Reconciling Originalism and Precedent
Northwestern University Law Review, Vol. 103, No. 2, 2009
54 Pages Posted: 7 May 2009
Date Written: May 5, 2009
Abstract
Originalism is often thought, by both its advocates and its critics, to be inconsistent with precedent. This Article challenges this common view of originalism and argues that nothing in the Constitution forbids judges from following precedent. First, the Constitution as a matter of judicial power incorporates a minimal notion of precedent. Second, the Constitution treats precedent as a matter of federal common law that it is revisable by congressional statute. Thus, the courts in the first instance and Congress ultimately have significant discretion over what precedent rules should be adopted.
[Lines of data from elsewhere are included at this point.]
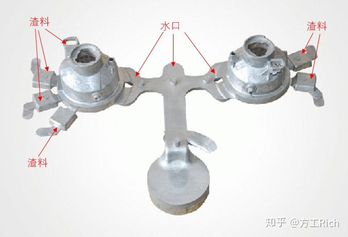 壓鑄工序需要經(jīng)過原材料熔煉,壓鑄成型,去渣料,和表面處理等工藝。壓鑄由于是高溫液態(tài)金屬進(jìn)入到模具型腔中固化成型,先進(jìn)入模具型腔中的金屬液體容易與空氣中的氧發(fā)生氧化反應(yīng)而影響產(chǎn)品品質(zhì),因此壓鑄模具都會(huì)設(shè)計(jì)渣包來儲(chǔ)存這些被氧化的渣料。
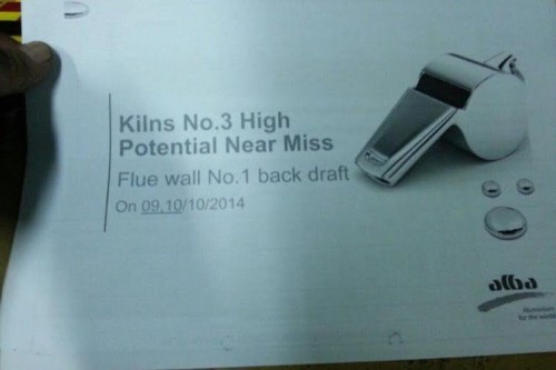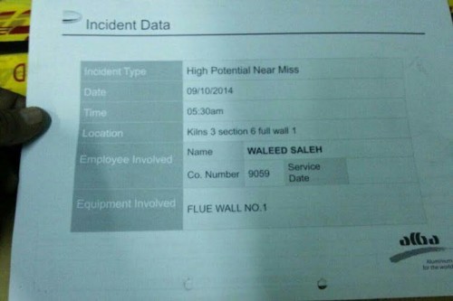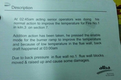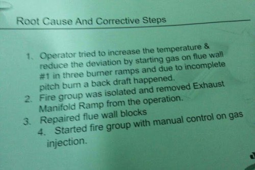 وجاء في وصف الحادثة أن العامل الأول المناوب "كان يقوم بعمله الاعتيادي لتحسين الحرارة في الفرن 3 في القسم 7" ثم أنّه "ضغط على زر التشغيل في الموقد لتحسين الحرارة، وبسبب الحرارة المنخفضة في جدار المداخن، حصل ارتداد اللهب في الساعة 3:00 صباحًا. وبسبب الضغط الارتدادي في جدار المدخنة رقم 1، تحركت لبنات جدار المداخن، وارتفعت، مسببة بعض الأضرار".
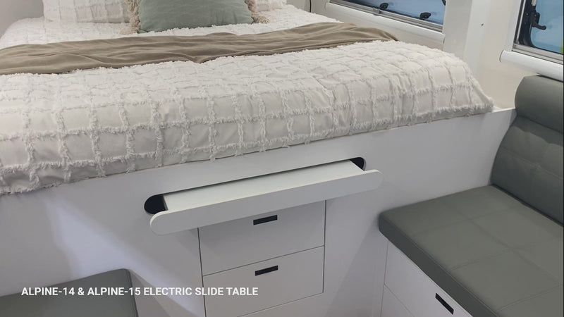 The new electric sliding table in the ALPINE-14 & ALPINE-15 gives you extra room exactly when you need it.
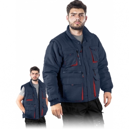 Kurtka zimowa z odpinanymi rękawami. - powłoka 100% poliester - wyściółka 100% poliester - podszewka 100% poliester - zapinana na suwak z dodatkowym zapięciem na napy - ośmiokieszeniowa, w tym cztery kieszenie na rzep i dwie na suwak - kieszeń od wewnątrz oraz dodatkowe kieszonki na zewnątrz na długopis - odpinane rękawy zwiększają funkcjonalność kurtki - ściągacz w rękawach - kolorowe wstawki przy kieszeniach - przedłużany tył kurtki chroni przed wiatrem i dodatkowo ogrzewa plecy - delikatne marszczenia po bokach na dole nad przedłużeniem zabezpieczają przed podwijaniem się materiału i dopasowują kurtkę do sylwetki użytkownika
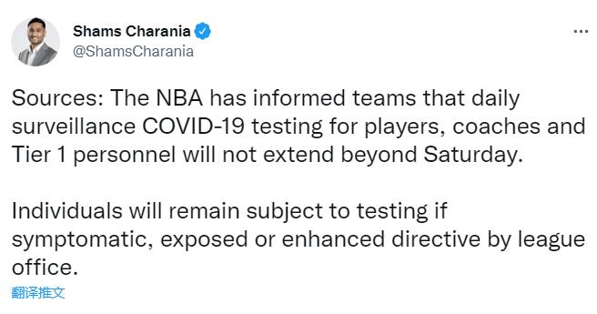 根据安排,NBA将在当地时间周日开始,正式取消对于球员、教练以及工作人员的日常检测。取而代之的是,只有当有人出现症状时或者明确成为密切接触者时,他们才会去进行检测。这一措施,效仿的是上赛季NFL。对于NBA来说,他们要接受这一措施带来的后果!

Having established that the original meaning of the Constitution does not forbid precedent, the next question is: what is the normatively best approach to precedent under originalism? As consequentialists, we argue that precedent doctrine should consist of rules that require precedent to be followed when doing so would produce net benefits and that require original meaning to be applied instead of precedent in other cases We then balance these benefits of following the original meaning with the benefits of following precedent. This Article, while not offering a full precedent doctrine, does recommend three specific precedent rules. First, precedent should be followed when it is necessary to avoid imposing enormous costs. Second, precedent should be followed when it is entrenched-when the precedent enjoys strong support that is comparable to that enjoyed by a constitutional amendment. Third, precedent should be followed when it corrects the results of a failure in the original super majoritarian process of making the Constitution, such as the exclusion of African Americans.